Material and Methods

Study population

A population-based case control investigation was performed for this study. The 1969 candidate participants were sequentially enrolled from the Department of Orthopedics and from the Center of Health Check-up of the Peking Union Medical College Hospital, Beijing, China, between October 2012 and September 2017. All enrolled individuals were screened by a questionnaire about standard risk factors and disease history.

The case group mainly consisted of orthopedic surgery candidates. The main inclusion criteria for the case groups were complaints of discogenic low back pain (LBP) and newly diagnosed IDD through lumbar disc magnetic resonance imaging (MRI) scanning. Participants who were assessed for Pfirrmann grade IV/V were enrolled in the case group [26]. If the participants were exposed to known environmental risk factors, such as heavy manual labor, heavy smoking, or occupational driving, then they were not recruited to this study. Participants with spinal and joint diseases, including trauma, spinal tumor, spine deformity, backbone infection, leg length discrepancy, and osteoarthritis, were also excluded from this study. The included participants met the criteria of being from the Chinese Han population and were aged between 18 and 85 years old. For the control group, the primary inclusion criterion was a lack of medical history of LBP or sciatica. According to the flow-chart (Figure 1), finally, 502 patients and 497 controls population were eligible for the study.

Figure 1

Flow-chart of 999 study participants in the case and control groups. The course of enrollment and grouping of participants are shown. Finally, we recruited 502 participants in the case group and 497 people in the control group.

We asked for the detailed case history and performed thorough physical examinations. All enrolled individuals were then screened by MRI, and the imaging results were interpreted by at least 2 blinded experienced radiologists [10,11,27]. Age and gender matched in both groups. To rule out the confounding factor of body weight in our research, body mass index (BMI) was matched between the case and control groups to guarantee there was no selection bias (Table 1).

Table 1

Demographic characteristics of participants in case (n=502) and control (n=497) groups.

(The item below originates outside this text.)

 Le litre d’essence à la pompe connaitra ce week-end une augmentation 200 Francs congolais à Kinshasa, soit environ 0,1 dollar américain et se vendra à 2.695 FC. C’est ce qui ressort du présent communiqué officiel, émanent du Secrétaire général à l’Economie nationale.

Parameter	Case	Control	P values
Age (years)	50.53±12.4	49.52±11.5	0.180
Gender
Male	276 (54.9%)	250 (50.3%)	0.145
Female	226 (45.0%)	247 (49.7%)
BMI (kg/m2)	25.2±3.4	25.0±3.3	0.245

Data are expressed as mean ± standard deviation (SD), or percentage. Student’s t test and Chi-square test were performed to compare the difference of baseline demographic characteristics between participants with IDD and the control group. P<0.05 indicates statistical significance.

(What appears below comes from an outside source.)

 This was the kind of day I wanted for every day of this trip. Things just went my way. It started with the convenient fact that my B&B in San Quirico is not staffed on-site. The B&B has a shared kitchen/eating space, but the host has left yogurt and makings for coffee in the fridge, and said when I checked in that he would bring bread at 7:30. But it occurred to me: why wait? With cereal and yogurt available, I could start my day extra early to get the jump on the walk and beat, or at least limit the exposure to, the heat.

This study was conducted in accordance with the Declaration of Helsinki and was approved by the Ethics Committee of the Peking Union Medical College Hospital, Peking Union Medical College and Chinese Academy of Medical Sciences. All participants signed informed consent after detailed description of the project.

Genomic DNA extraction and SNP genotyping

Five milliliters of peripheral blood sample was obtained from every participant for genotyping. The blood was collected in 2% ethylenediaminetetraacetic acid anticoagulant tubes and fully mixed to keep from clotting. DNA was extracted using the QIAGEN Whole Blood Genomic DNA Mini Kit (QIAGEN Inc., Valencia, CA, USA) according to its standard protocol. SNP genotyping was conducted on the Sequenom MassARRAY SNP genotyping platform (Sequenom Inc., San Diego, CA, USA). Five percent of the samples were randomly selected for duplicate analyses as quality controls.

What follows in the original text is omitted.